Turned out to be quite a pain with different column types, depending which specific values they have. Also with omitted optional columns, or omitted values and default. Shall we "normalize" everything on loading and expect that to have happened in all other places (we had the discussion some time before...)? Advantage: Reduced code complexity, probably less bugs; disadvantage: the read-back-files after writing may differ from the original ones if not already in "normalized" form...

yannikschaelte commented 4 years ago

Advantage: Reduced code complexity, probably less bugs; disadvantage: the read-back-files after writing may differ from the original ones if not already in "normalized" form...

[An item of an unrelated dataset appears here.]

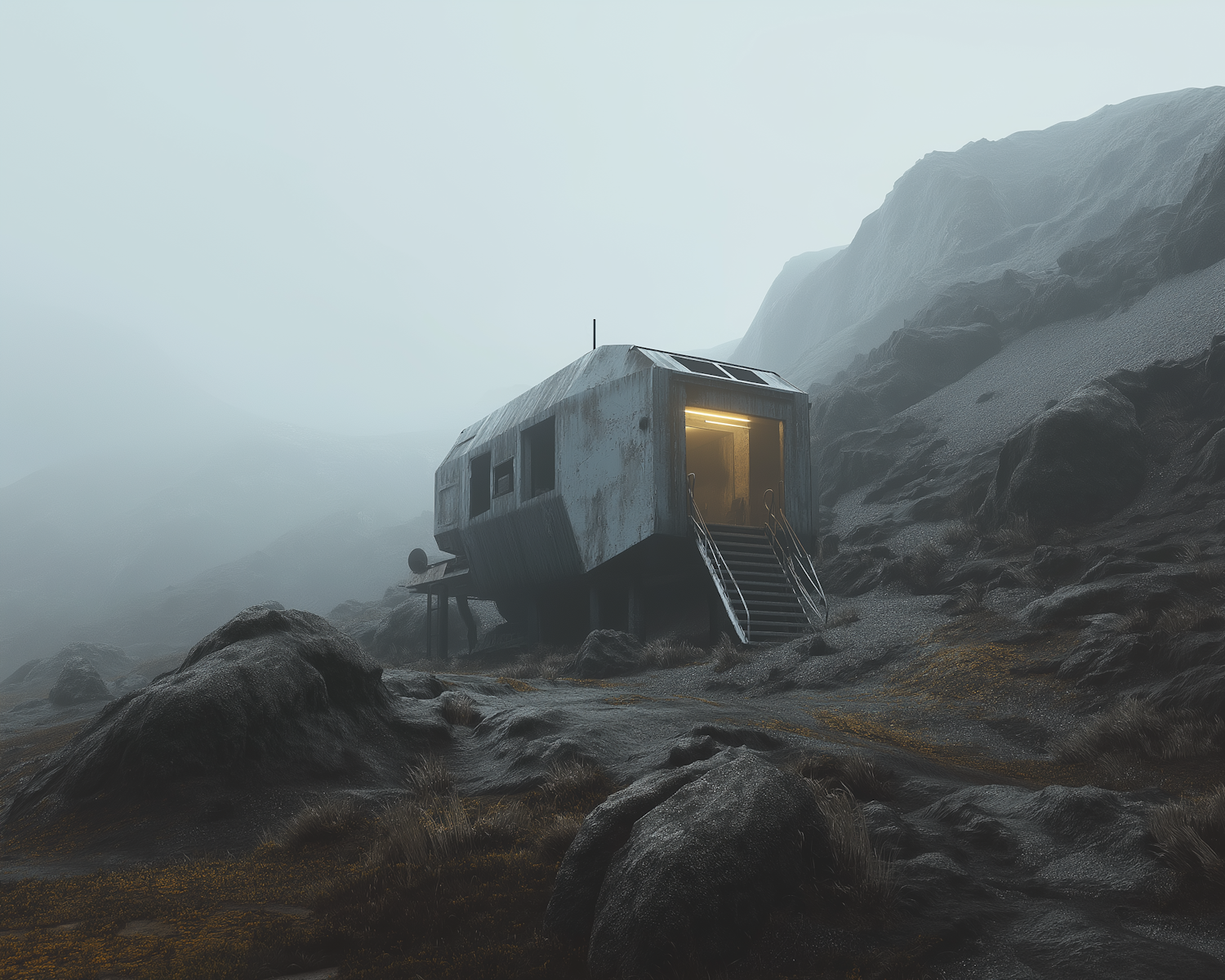 A futuristic cabin on a misty, rocky terrain with a glowing entrance, creating a stark contrast against the desolate, foggy surroundings.

In what could they differ? Int to float / string conversion?

dweindl commented 4 years ago

In what could they differ? Int to float / string conversion?

parameterScale absent, vs parameterScale=lin and stuff like that.

dweindl commented 4 years ago

Well, some differences may occur already now, depending on which NA value was used in the original files... But that I really wouldn't care about.

yannikschaelte commented 4 years ago

Ah, you mean about filling in default values. Yeah, not sure about that. Shouldn't hurt I guess to fill in all columns with their default values. We argued at some point about when reading in adding all those default values, which would make many functions easier (removing basically all i"if not exists then set to default value" lines). But no special opinion on this.

There is a function somewhere that does this, at least for a few data frames.

yannikschaelte commented 4 years ago

Well, some differences may occur already now, depending on which NA value was used in the original files... But that I really wouldn't care about.

No, NA vs "" vs whatever else pandas interpretes as empty should not matter.